By Miles Ward | SADA CTO

So, not to bury the lede: I’m a Board Member for a new organization called the Open Usage Commons. The organization was created to protect and manage open source trademarks and more. It’ll kick off with three projects from Google: Angular, Gerrit, and Istio. Since open source software has provided me and the companies I’ve worked for with so much value, I thought this was a fitting and practical way that I could pay some of that back while learning from and working with some folks I really like.  

Why Trademarks? Story Time!

While on a vacation in Mexico, I rented this tiny car to tear around in, and I noticed that there was another office for the same rental car company that was much closer to my hotel. I thought, “Hey, that’s convenient.” When discussing my exit itinerary with one of the helpful folks at the hotel, which included dropping the car off at the closer rental office, she warned, “Oh no no, those companies look the same, but they’re not the same.” The closer shop wasn’t really the same company, even though they had identical signage and employees in shirts that looked the same. Tan loco!

Without legal protection of an OSS project’s trademark, there’s a risk that a company could misuse the brand and confuse users, or violate the license requirements of the software. Also, if you built a business on a piece of OSS where the trademark wasn’t protected, a different company could snag it, and then use it to pressure you or force you to stop using that mark. The law here is super complex, and simple mistakes could have big consequences. No bueno! 

Plus, in open source, shouldn’t the project follow the spirit of the Open Source Definition? I sure think so

More Than One Kind of OSS

When I started at AWS, some of my first work was connecting with engineers at OSS projects, and I couldn’t help but notice huge differences in the resources and business models they used. I remember taking a meeting with Jared Rosoff at MongoDB about the terrors of EBS for what became the first version of MongoDB Best Practices for AWS, followed immediately by an esoteric EC2 virtualization conversation with Colin Perceval who was working on getting FreeBSD on AWS working. Wow are the two groups those folks represent different! Both valid, both viable, but really different. 

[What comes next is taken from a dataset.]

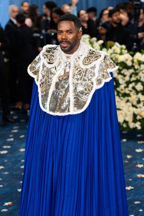 - Colman Domingo wore a deep blue Valentino cape, paying tribute to fashion legend André Leon Talley.

When I started at Google, their approach to interacting with and supporting OSS was radically different than AWS. Like, all the bits my little team needed to start releasing example and enablement code as OSS were *right there* in the launch approval tool, no fuss, by default. What a relief! So many of the incredible systems I’d used, super-power tools like Hadoop, Cassandra, Linux Cgroups and Kubernetes, Tensorflow, had their origins in whitepapers, code, or both from Google. 

OSS isn’t just one way of doing things, or one business model, or one contract; it’s an ecosystem, and that diversity is a strength, not a weakness (which is true in many contexts!). 

Enter, Stage Left: Chris DiBona and His Superior Beard Game

So, now it’s a few years later, and my friend Chris reaches out about adding to that diversity and creating a new way to provide specialized help for the folks working hard to handle the absurd array of tasks an OSS maintainer seems suddenly responsible for. Wasn’t this all just about cranking out some sweet code? Now it’s docs, roadmap, license terms, community engagement… a whole bunch of stuff not in the IDE. It’s one thing to do these things, but the bar keeps getting higher; now, to excel, a project and it’s maintainers have to be *incredible* at those things. 

Open Usage Commons will be focused on some of those nuanced areas, starting with trademarks, where deep specialization helps a lot. We want to help projects be incredible at least in that aspect. I know some weird parts of this, and have seen firsthand how the lack of confidence caused by unclear trademark status erodes user, developer, and customer trust. I see the clear value that we can create and that we can give back to this ecosystem. 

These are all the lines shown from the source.